Подъехала "Победа". Вышел пожилой человек в гражданском. Не обращая на нас никакого внимания, он заснял всю опытную площадку небольшой кинокамерой и уехал. Кто-то сказал, что это оператор, снимает все без ограничения лично для Н. С. Хрущева.
Уровень радиации вблизи центра поля упал до тридцати рентген. Так называемая наведенная, то есть привнесенная, радиация быстро спадала. Через несколько часов на дальних площадках (в пяти - семи километрах) уровень был еще ниже. Секрет прост: взрыв на высоте почти двух километров поднял с земли весь сор в небо. Улетела ввысь и радиоактивная пыль с зараженной земли на "П-2". Радиоактивное облако, смешанное с пеплом и пылью, поднялось высоко в небо и пошло гулять над целиной. Сильное выпадение радиоактивных частиц началось за Опытным полем на удалении десяти - пятнадцати километров от эпицентра взрыва. Через сутки осевшая пыль была уже безопасна, поскольку ее частички имели лишь наведенную радиацию, а она постепенно ослабевает.
Чем дальше от полигона, тем менее опасным становилось и разросшееся черное облако, которое забралось на высоту более десяти километров. Это данные радиационной разведки, которая брала пробы воздуха и грунта на различном удалении от полигона.
Наш первый выезд на поле был непродолжительным. И не только из-за опасности - требовалось поскорее доложить руководству о результатах. Собственно, ради этого нас и выдвигали возможно ближе к месту взрыва. Сведения о состоянии наших площадок, как приказывал начальник отдела полковник Горячев, я должен был представить сразу же на командный пункт. Но, видимо, Горячев не знал, что на этот раз на стационарном КП руководства не будет.
Все мы оставались под впечатлением взрыва. Удивляли парадоксальные картины. Как, например, случилось, что машины, стоявшие недалеко от нас, были сильно повреждены, а люди не пострадали? Позже разобрались: чем крупнее объект, тем больше он принимает воздействия ударной волны. К тому же люди, как те наполненные жидкостью резиновые резервуары на опытной площадке, эластичны и способны вынести ударную волну такой силы, при которой самолет или деревянное строение полностью будут разрушены. Ну а от светового излучения нас спасли облака.

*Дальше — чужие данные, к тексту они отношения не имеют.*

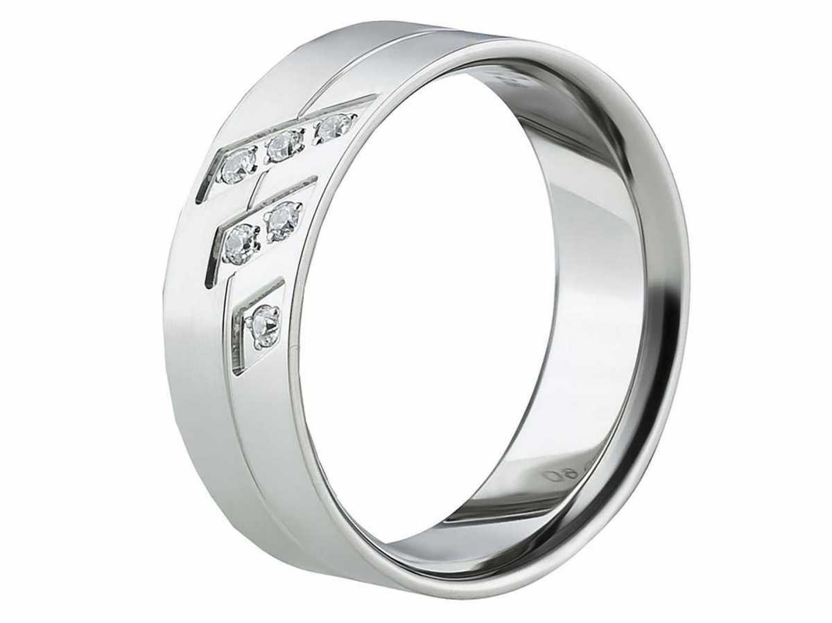 Ringmodell: AB1008 Marke: Mabro Ringmaterial: Edelstahl Ringmaterial massiv: JA Ringbreite Dame: ca. 7,0 mm Steinbesatz im Damenring: Zirkonia Steinform: rund Steinanzahl: 6 Steingroesse: ca.1,5mm Oberflaeche: Gebuerstet und Poliert Oberflaeche innen: Poliert Innen: bombiert (abgerundet) Damenringgroessen: 50 bis 62mm (nur in 2er Schritten verfuegbar) Lieferumfang: 1x Damenring und gratis Etui Â
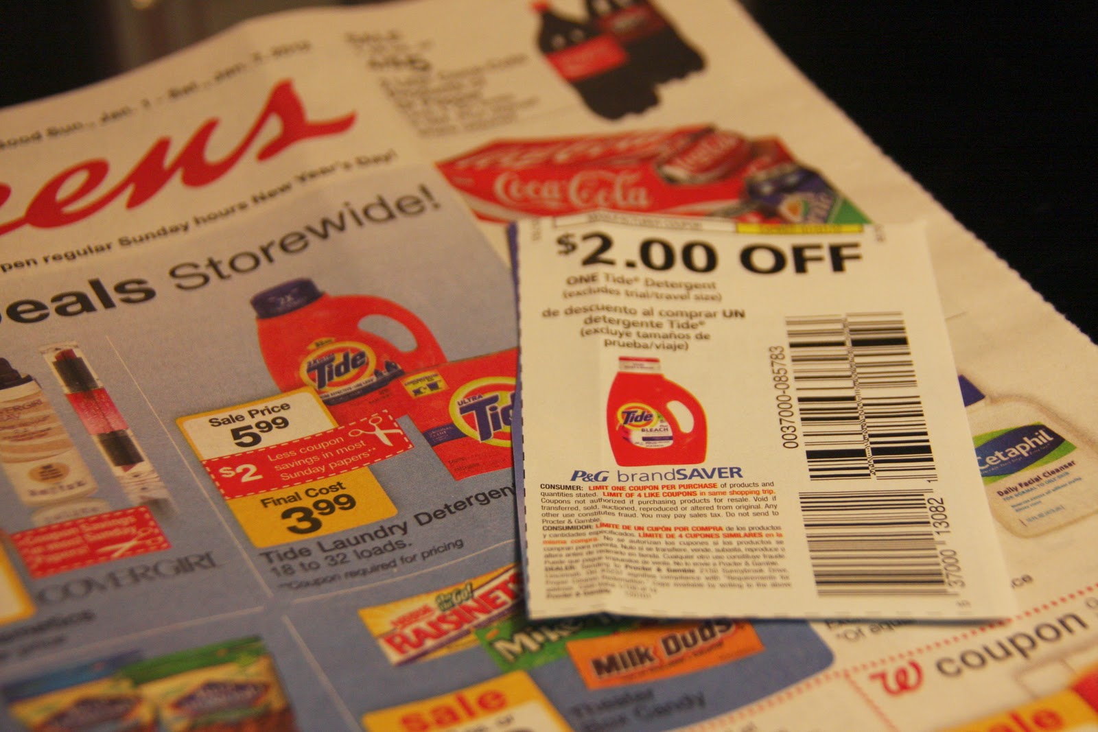 i continue browsing the ad and flipping through my coupon binder to see if i have coupons for that item. here i found tide on sale for $5.99. i have a $2 coupon which means i’ll pay just $3.99 for laundry detergent…
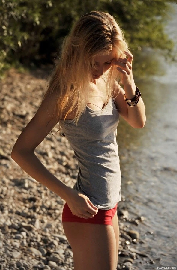 tank top and red shorts. Her left hand is placed on her hip while she gazes away from the camera with her right hand near her eyes, which could suggest a thoughtful or contemplative pose. The setting appears to be in
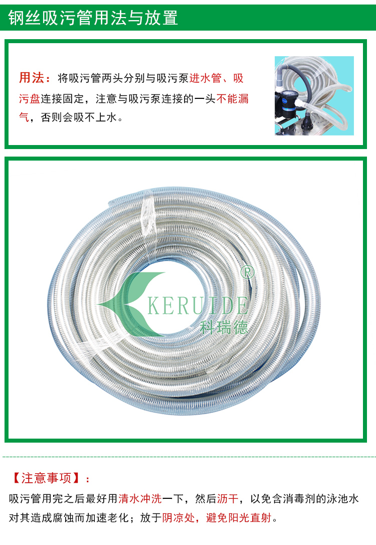(注:如果池面有樹葉、塑料袋等其他垃圾,請用撈網打撈走,不管是游泳池手動還是自動吸污機都吸不了漂浮于水面的垃圾,另外池壁或池底已長出的青苔不一定能完全吸掉,如遇到此類粘著力較強的污物,需手動使用清潔刷刷掉,請知悉!)
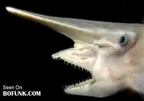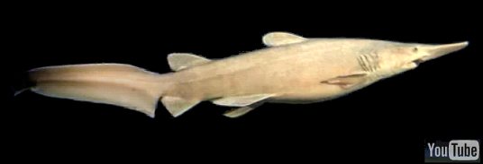 4). Mitsukurina owstoni, the extant Goblin shark - rare imagery of live individuals: (A) General view (view footage on You Tube); (B) Close up of the head with jaws extended to seize prey (view footage on You Tube) Images are still frames from footage on You Tube.
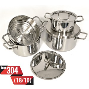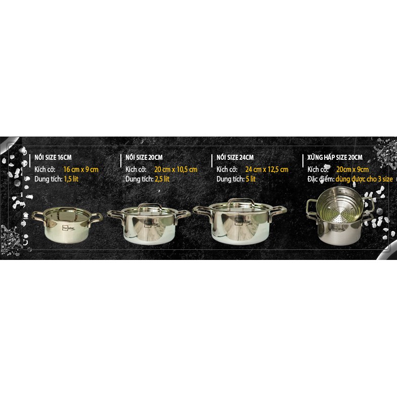 - Bộ nồi bao gồm: Nồi 16cm, nồi 20 cm kèm xửng hấp 20, nồi 24cm

На Опытном поле встретили подполковника Н. А. Козлова - заместителя начальника службы безопасности.
- Как, Николай Александрович, лишнего не нахватаем? - спросил я, сняв маску противогаза.
- В центре уже тридцать "р", а будет еще меньше, - ответил Козлов.
Это для нас "семечки". Когда в 1953 году произвели наземный водородный взрыв, на том же месте было несколько сот рентген. Но и тогда обошлось без ЧП. Мне рассказывал об этом сослуживец - участник того события Алексей Александрович Мальков. По специальности он военный ветеринар, и ему поручили выставить животных на площадке, где они могли получить восемьсот рентген смертельную дозу, как определяли ученые. Мальков один - поскольку солдат и водителей на такие эксперименты брать не разрешалось - отвез прицеп с собаками и овцами на площадку с несколькими сотнями рентген, а затем возвратился за еще одним прицепом.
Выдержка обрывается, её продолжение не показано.